Aku mulai mencari informasi bagaimana keadaan ayahku. Aku meminta tolong kepada polisi yang sangat baik kepada ku untuk mencari tahu bagaimana keadaan ayah ku di kampung. Tak pernah aku berhenti berharap polisi itu membawa kabar baik untuk ku dan membawa ayahku untuk menjenguk ku. Hatiku mulai bergetar ketika aku melihat raut wajah polisi itu yang seolah penuh dengan kekecewaan. Dan dia pun segera menghampiriku.
“Mudah-mudahan kamu siap menerima kenyataan yang harus kau hadapi wahai anak muda” kata polisi itu penuh dengan hati-hati. “Kenapa pak. katakan saja apa yang ingin kau katakan apapun kabar yang kau bawa insyaAlloh aku dapat menerimanya, karena aku yakin apa pun kabar mengenai ayah ku itulah takdir yang telah Allah tuliskan”. Jawab sang anak muda penuh dengan kerelaan. “Baiklah nak, sebenarnya ayahmu sudah tiada sejak delapan bulan yang lalu.” Info sang polisi itu. Aku tak dapat menjawab apapun lagi seolah dia berusaha untuk ikhlas menerima kepergian ayahnya. Namun penyesalan yang tak terhingga pun telah dia rasakan. Karena dia tak dapat membalas semua kebaikan ayahnya itu. Justru dia suguhkan hal-hal yang tidak menyenangkan untuk ayahnya.

Namun aku tak akan pernah putus asa aku akan menunjukkan kepada ayahku, ibukku, adikku, guru-guruku, dan sahabat –sahabat aku ketika aku SD. Dengan adanya aku di penjara aku akan mulai menata hidupku untuk ke depannya terutama untuk bekal ku di akhirat.

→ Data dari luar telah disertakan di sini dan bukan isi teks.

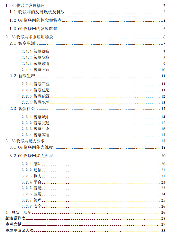 《白皮書》系統化的梳理了6G物聯網在智享生活、智賦生產和智煥社會三大L域的未來應用場景,并提出在感知、通信、計算、平臺、智能、應用、管理和安全等方面的能力需求。
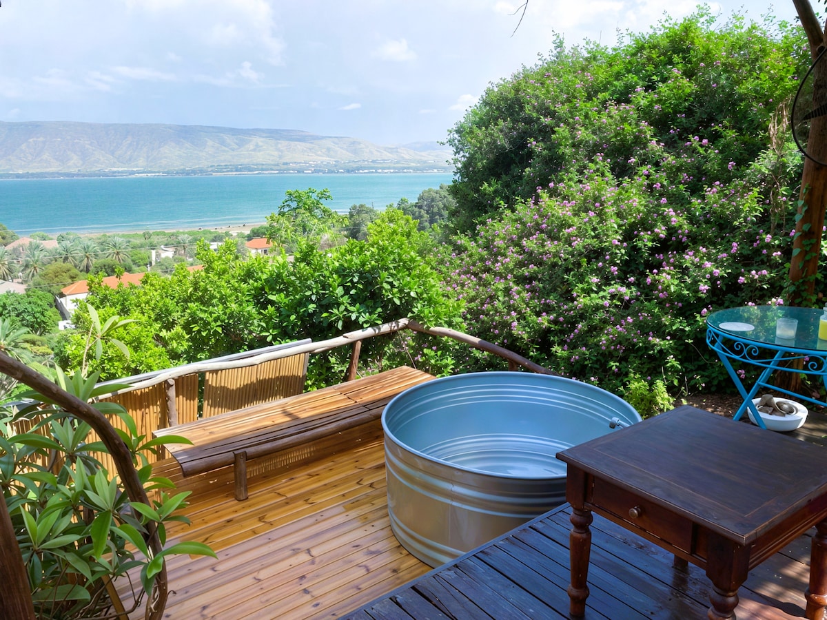 設計精良的精品公寓,可俯瞰加利利海和戈蘭高地的全景。 位於一棟保護建築內,前往加利利海( Sea of Galilee )都很方便。 在公寓裡,有2間呵護歐式臥室,配有雙人牀、牀墊和矯形枕頭。 此外,客房內還有雙人牀。 公寓配備牀上用品、客用毛巾、廚房用具、廚房用具、烤箱、微波爐、濃縮咖啡機、冰箱、洗碗機、感應爐、水過濾Tami 4、每間房間都有電視和空調,俯瞰俯瞰壯麗景觀的雙熱水浴缸,可俯瞰華麗景觀的甜蜜陽臺,現代化浴室配有大淋浴洗衣機和烘乾機。

Sekarang kehidupannku mulai kembali tertata. Sampai akhirnya aku keluar dari penjara karena sikap baik ku yang telah aku tunjukkan kepada polisi. Bukan hanya itu kini aku sudah punya pekerjaan yaitu menjadi guru privat agama di lingkungan ku. Kehidupan ku kembali terarah ke arah yang lebih baik.